Sarah Wilson’s First, We Make the Beast Beautiful is a book dedicated to opening a more compassionate, comprehensive discussion about anxiety. In it, Wilson employs various metaphors to describe the experience of “the beast.” Anxiety is compared to having computer tabs opening rapidly in the mind, without being able to close them or prevent new ones from opening. Anxiety is likened to having the entirety of life constricted into an overflowing toothpaste tube. Anxiety is a tangled spider web that keeps getting caught in other webs the more one tries to untangle it. In short, anxiety can be an all-consuming overwhelming experience, and, quite frankly, not a fun one.

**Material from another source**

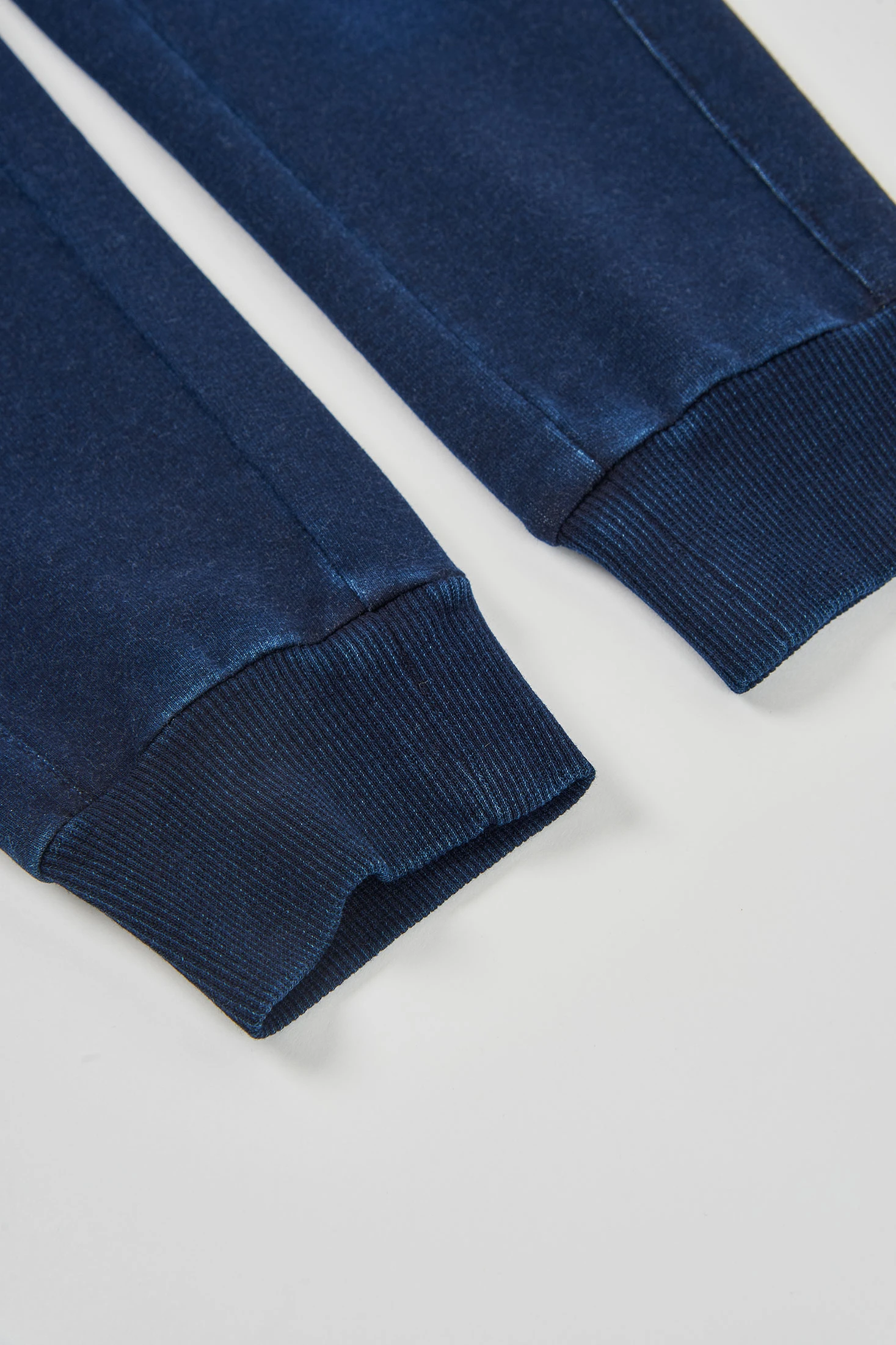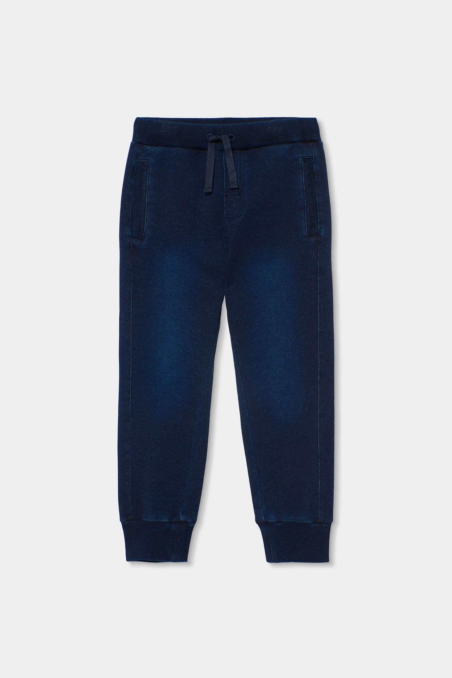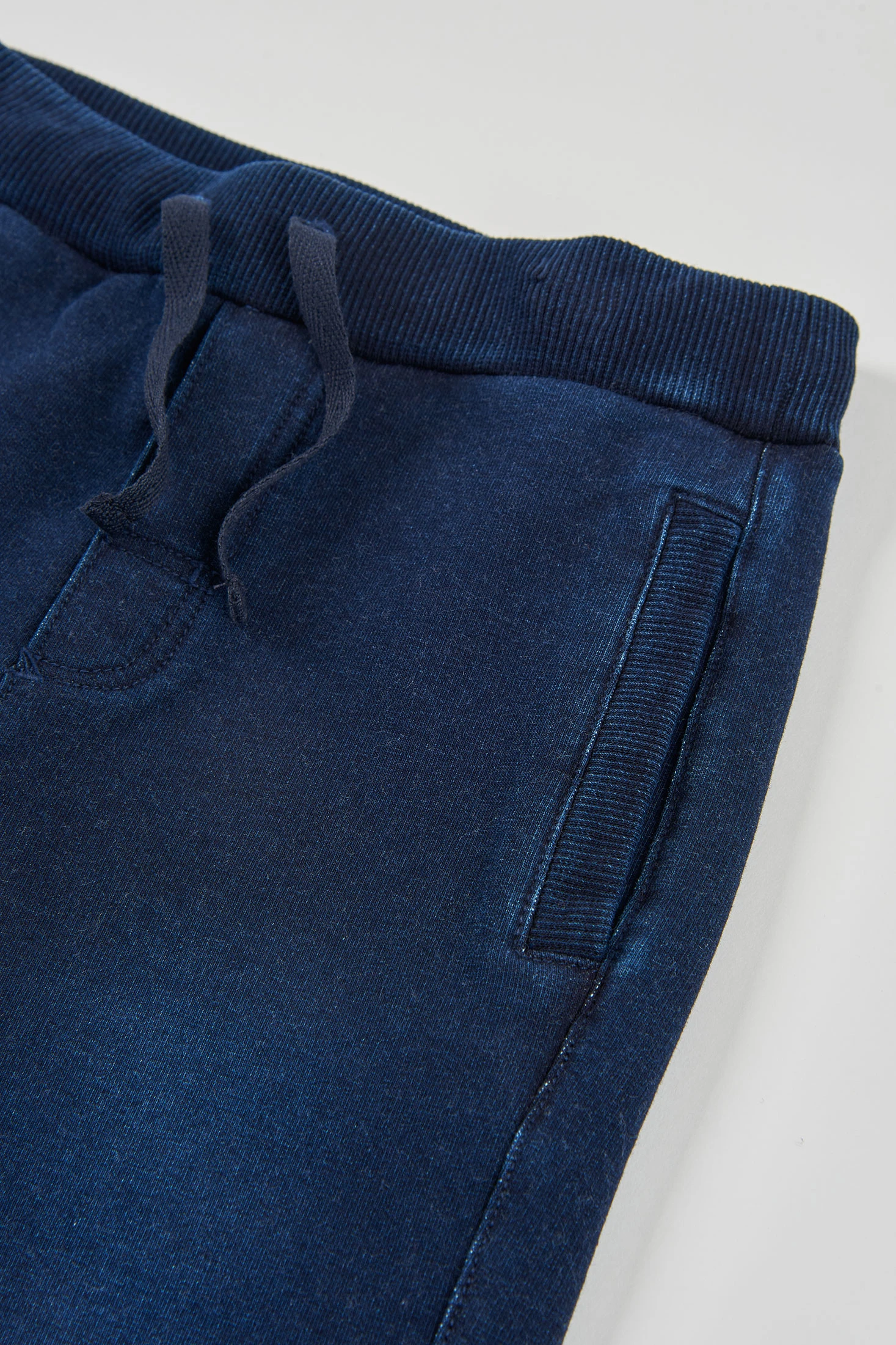 Denim-Fleece-Hose für Jungen in Marineblau, entworfen für ein ausgewogenes Verhältnis von Komfort und Stil. Der Stoff in Denim-Optik sorgt für einen modernen Look, während das elastische Fleece Weichheit und Bewegungsfreiheit garantiert. Sie besteht aus 78% Baumwolle, 15% Polyester und 7% Elasthan und bietet eine bequeme und langlebige Passform. Ein praktisches und leicht kombinierbares Kleidungsstück, ideal für den täglichen Gebrauch.

Whilst we all struggle with individual anxieties—some of us to a larger, less manageable extent than others—anxiety surrounding the current pandemic is unique precisely because it is being experienced collectively in the world. We can be pretty confident that most people have, at least at one point during the pandemic, experienced a form of anxious stress and worry. And no wonder this is the case: uncertainty and unpredictability are the petri dishes for anxiety to grow in. With every new variant of COVID-19 that emerges, we lose more trust in the world, we feel the very valid risk of experiencing threat, loss, tragedy, and trauma; we doomscroll media sites, wondering despairingly if this will ever end. Especially for marginalised communities in society, which have generally been more severely impacted by the pandemic in economic, social and psychological ways, the levels of anxiety experienced can at times feel debilitating.

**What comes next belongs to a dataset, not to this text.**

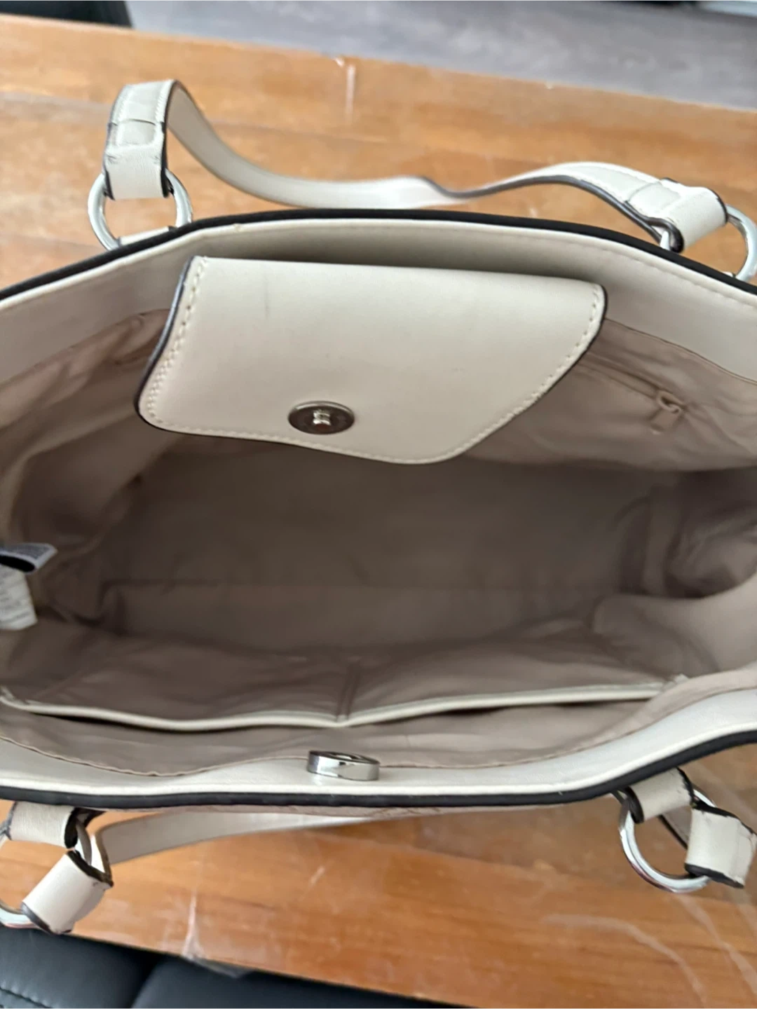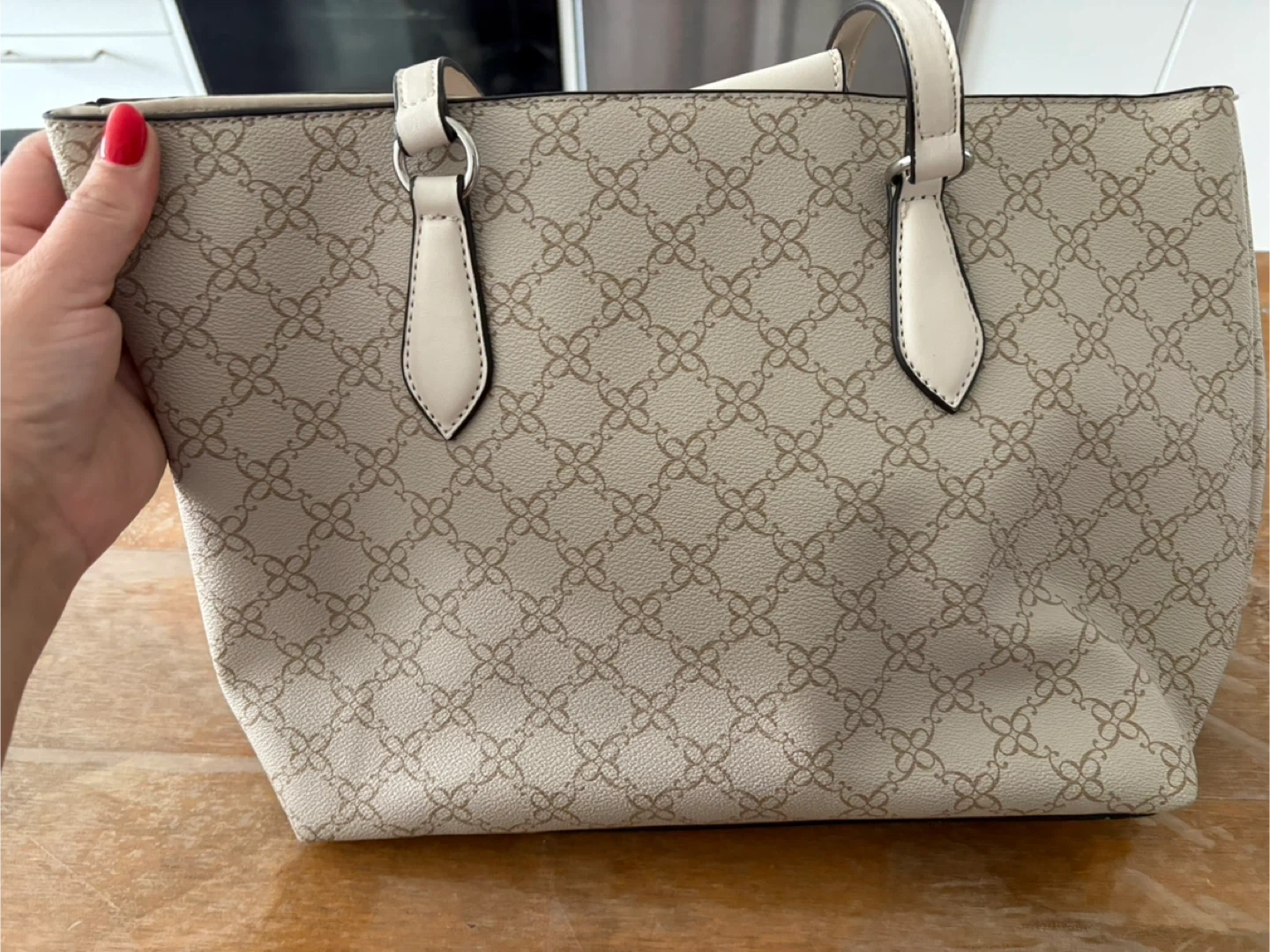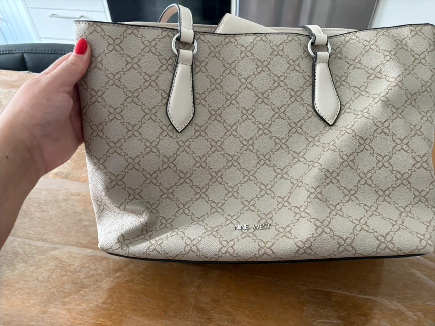 Selling a Nine West tote bag with a beige patterned design. It's in great condition and perfect for everyday use! The bag features a spacious interior with multiple pockets for organization.

Anxiety is often boiled down to a simple formula: overestimating the likelihood that the worst possible scenario in our lives will occur, and underestimating our ability to cope with that scenario, should it actualise. Although anxiety is, and often feels, infinitely more complex than that, if we take this formula at face value, we might be able to think of some important strategies to help us deal with our collective Covid anxiety. Firstly, we might try to gently challenge our anxious thoughts. Might we be catastrophising, honing our attention onto single negative events and blowing those out of proportion, whilst minimising our focus on other, more hopeful events? Are we over-generalising the conclusions we draw from small pieces of evidence, using words like “always” and “never”? Is our anxiety actually going to help us cope with our imagined worst-case scenario?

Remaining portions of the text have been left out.